Ganos is designed and developed based on the cloud-native Data Lake Analytics (DLA). Ganos is an engine used to store and compute large amounts of spatio-temporal data. Ganos is based on the serverless architecture and Spark computing engine of DLA. Ganos can access a variety of Alibaba Cloud storage systems. These systems include PolarDB, ApsaraDB for HBase Enhanced Edition (Lindorm), and Object Storage Service (OSS). Ganos uses uniform spatio-temporal data models and APIs to manage and compute heterogeneous data from multiple data sources. It also allows you to perform complex operations, such as the association analysis of data sources where heterogeneous data is stored. The serverless architecture of DLA allows you to use Ganos on demand. You are charged only for the data queries that you perform. This way, resource scaling is elastic, upgrades are performed without affecting services, and operational costs are reduced.
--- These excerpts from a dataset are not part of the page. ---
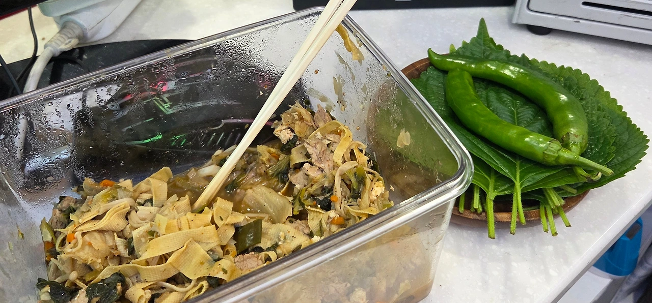 월남쌈을 할 수 있는 생 야채들까지 가져와서 밥 1그릇 양에 넣고 김가루와 비벼 먹었으며...
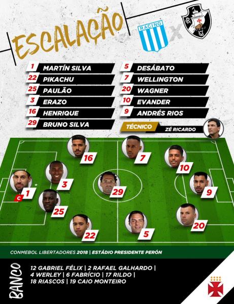 04/04/18 - Confira a escalação do Vasco; Henrique e Bruno Silva são as novidades no banco
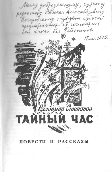 - Степанов, В.А. Тайный час : повести и рассказы / В.А. Степанов. – Иваново : ИГХТУ, 2002. – 340 с.
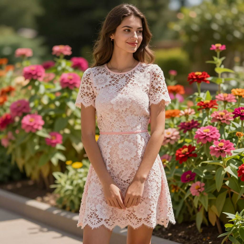 Black glitter dress short, photograph of a beautiful woman with long brown hair, wearing a black lace dress, standing in a vibrant garden, bright red and pink flowers in the background, sunny day, soft shadows, blue eyes, red lipstick, side profile, summer, natural light, realistic, detailed, high quality
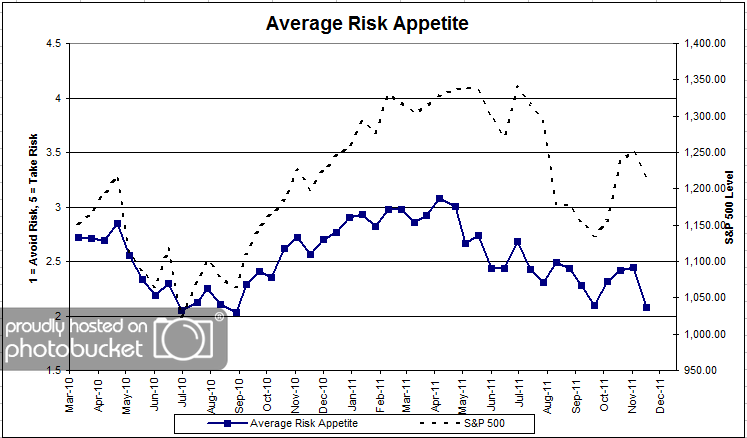 Chart 3: Average Risk Appetite. Overall risk numbers plummeted this round, from 2.44 to 2.08. Overall risk appetite is now the lowest we’ve seen since September of 2010.
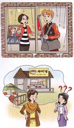 가: 어, 밖에 비가 오네요. Hey, it’s raining outside.
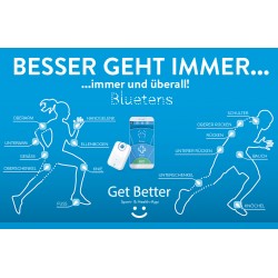 Bluetens is a medical device, which works with the technology of electro-muscle-stimulation (EMS). You get access to several individual treatments, which have been developed by medical specialists for improving your daily well-being: Specific sequences of soft electrical impulses stimulate in particular and have a pain-relieving, relaxing or strengthening effect on 15 body zones as required - divivded in upper body, via the trunk down to the zones of the lower body.

For more information about DLA, see What is DLA?.
Scenarios
In typical scenarios, DLA Ganos performs extract, transform, and load (ETL) operations to transfer and collaboratively analyze the spatio-temporal data that is stored in different databases or file systems. DLA Ganos loads GeoTiff files from OSS to generate a Resilient Distributed Dataset (RDD) model. Then, DLA Ganos writes data to a storage system such as ApsaraDB for HBase Enhanced Edition (Lindorm) to store the data. DLA Ganos can also load spatio-temporal data from multiple data sources at the same time. This operation aims to cleanse and convert data. After the data is analyzed and computed by using machine learning algorithms or tools, DLA Ganos writes the analysis results to a specified data source. Then, a professional spatio-temporal data publishing system such as GeoServer publishes the computing results as a standard Open Geospatial Consortium (OGC) service. You can use the OGC service to query and view data.
Benefits
- Cost-effectiveness
Ganos is developed based on the serverless architecture of DLA. When you use DLA Ganos, you do not need to deploy and manage infrastructure or separately maintain Spark virtual clusters (VCs). You need only to apply for VCs and use them if required. You are charged only for the resources that you use. DLA Ganos starts immediately after it is activated. It is upgraded without affecting services. DLA Ganos also supports elastic scaling to ensure the quality of services.
- Easy to use
DLA Ganos provides a series of APIs based on Spark SQL. These APIs include a large number of built-in user-defined functions (UDFs) to analyze spatio-temporal data. This allows you to process large amounts of spatio-temporal data by using SQL statements. You can process data in a similar way to how you process data stored in relational databases.
- Unified modeling
DLA Ganos provides a unified spatio-temporal data model based on Spark RDD. This facilitates the modeling of various spatio-temporal data. DLA Ganos can implement complex operations such as data loading and model conversion. You need only to focus on the business logic.
- Multiple data sources
DLA Ganos can access multiple data sources and analyze heterogeneous data from different data sources. It allows you to analyze data stored in Alibaba Cloud storage systems. These systems include OSS, PolarDB, and ApsaraDB for HBase Enhanced Edition (Lindorm). DLA Ganos also allows you to perform the association analysis of data of DLA and data of other data sources.
Activate DLA Ganos
- Create a VC in the DLA console. For more information, see Create a virtual cluster.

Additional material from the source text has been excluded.